Shoe Laces

Amazing.  I was going through a box of junk, old letters and such, and found an article, dated 1963, reporting the winners of the essay contest in my local area.  It reads in part:  “William ranks fifth in his class.  He is looking forward to a career in teaching though the field of his major hasn’t kidshoebeen decided.”  I am William—god, I hate that.  Mostly I just forget that’s my first name.  But what’s amazing is the career in teaching part.  That must have been the old lady talking because I don’t remember having thought about teaching as a career, except maybe as something I had a pretty good chance at doing.

 But that’s how it turned out.  Teaching has been my primary source of income since 1973.  That’s about 33 years of teaching, I guess.  At one point, I thought, when I got my PhD, I would be a professor instead.
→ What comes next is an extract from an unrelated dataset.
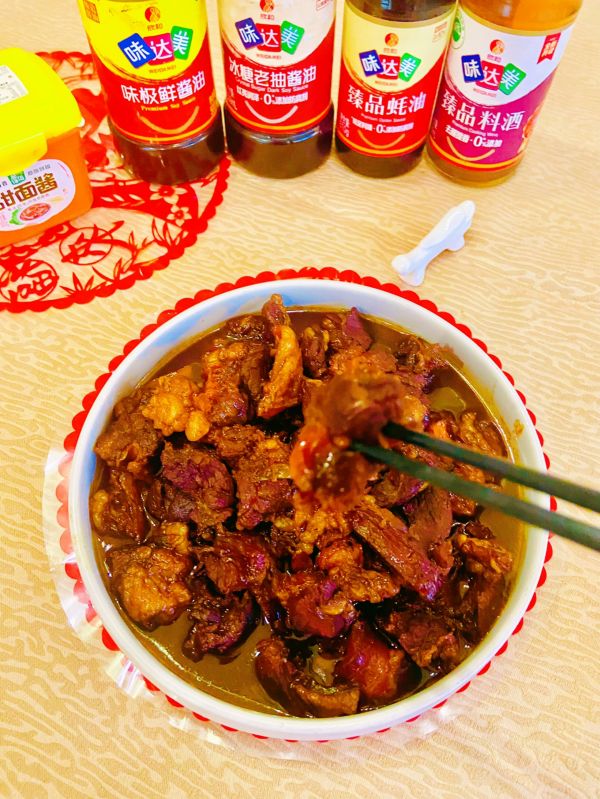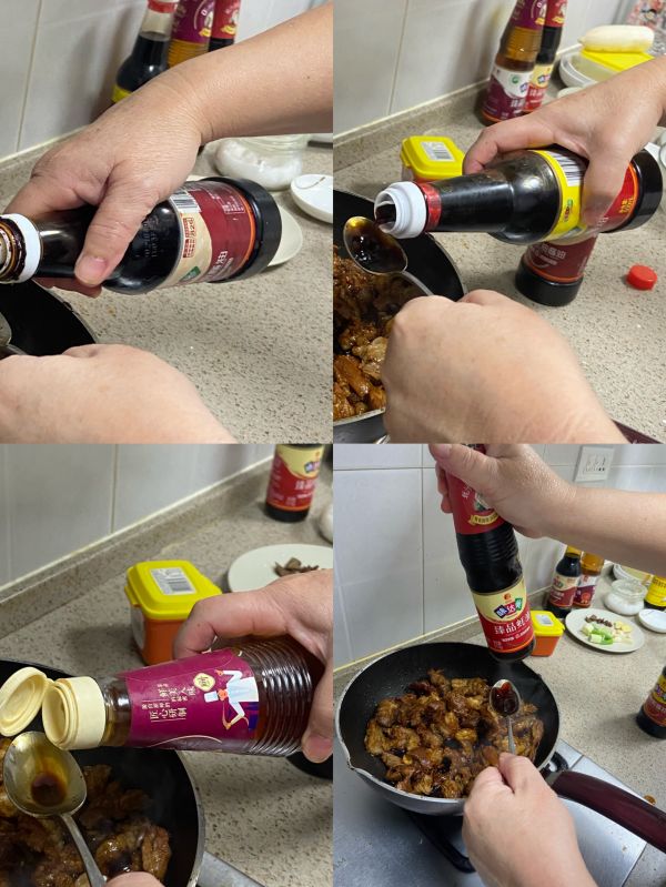 加入2勺冰糖老抽酱油、2勺味极鲜酱油、1勺臻品料酒、1勺臻品蚝油翻炒片刻入味。

That doesn’t involve much teaching.  But that didn’t work out and I became a teacher of writing at a University.  That’s what I have done most of my adult life.

Looking back I think maybe it was in the cards.  The title of my PhD thesis was:  “Romantic Thought: Education and Alienation.”  Seems as if I had been thinking about education all along—and alienation too, as part of that.  For a long time I thought about writing a book for which I have only the title, “Growing Up Educated” which is supposed to be an allusion to another book called, “Growing Up Absurd.”  I guess that’s because I decided somewhere along the line that education as it is currently practiced is not all that it’s cracked up to be.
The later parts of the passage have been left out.